-- Required action --
Within the listing below, give again exactly the lines between the one containing "The vertical opening" and the one containing "Дочери 4,5 месяца.", inclusive, pictures left aside.

-- Given records --

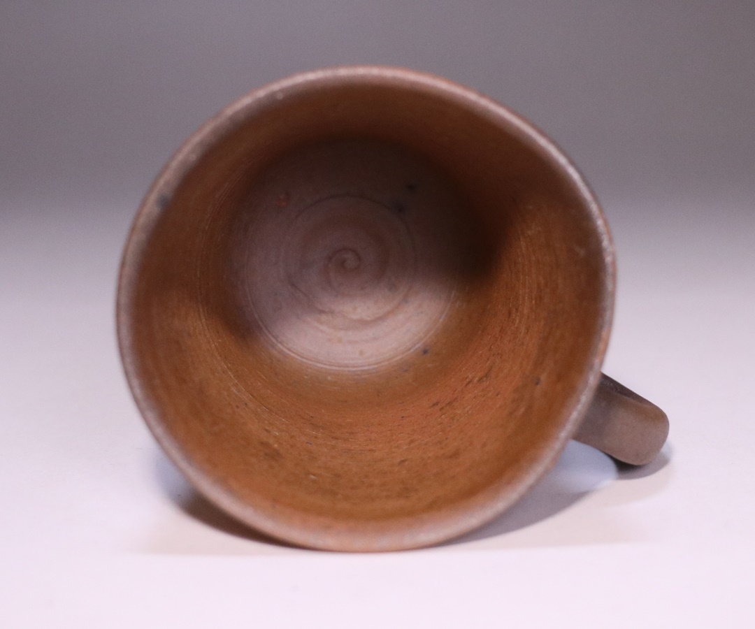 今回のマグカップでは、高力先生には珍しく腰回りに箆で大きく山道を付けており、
==
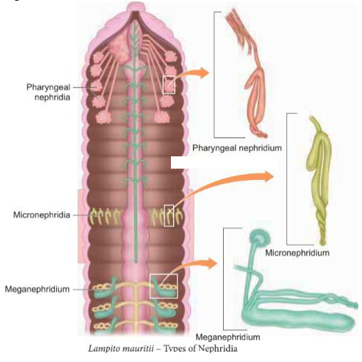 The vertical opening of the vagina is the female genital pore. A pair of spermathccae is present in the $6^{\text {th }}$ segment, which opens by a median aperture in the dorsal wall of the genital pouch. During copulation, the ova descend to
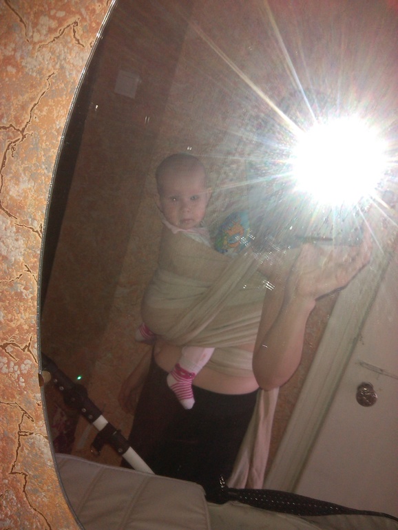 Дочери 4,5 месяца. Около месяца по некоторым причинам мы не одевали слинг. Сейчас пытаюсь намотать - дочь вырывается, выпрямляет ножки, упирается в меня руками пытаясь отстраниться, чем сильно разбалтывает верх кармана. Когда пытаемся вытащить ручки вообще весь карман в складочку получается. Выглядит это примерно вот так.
--
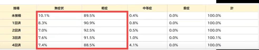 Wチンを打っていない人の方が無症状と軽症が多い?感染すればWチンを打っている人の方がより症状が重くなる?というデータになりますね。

-- Answer section --
 The vertical opening of the vagina is the female genital pore. A pair of spermathccae is present in the $6^{\text {th }}$ segment, which opens by a median aperture in the dorsal wall of the genital pouch. During copulation, the ova descend to
 Дочери 4,5 месяца. Около месяца по некоторым причинам мы не одевали слинг. Сейчас пытаюсь намотать - дочь вырывается, выпрямляет ножки, упирается в меня руками пытаясь отстраниться, чем сильно разбалтывает верх кармана. Когда пытаемся вытащить ручки вообще весь карман в складочку получается. Выглядит это примерно вот так.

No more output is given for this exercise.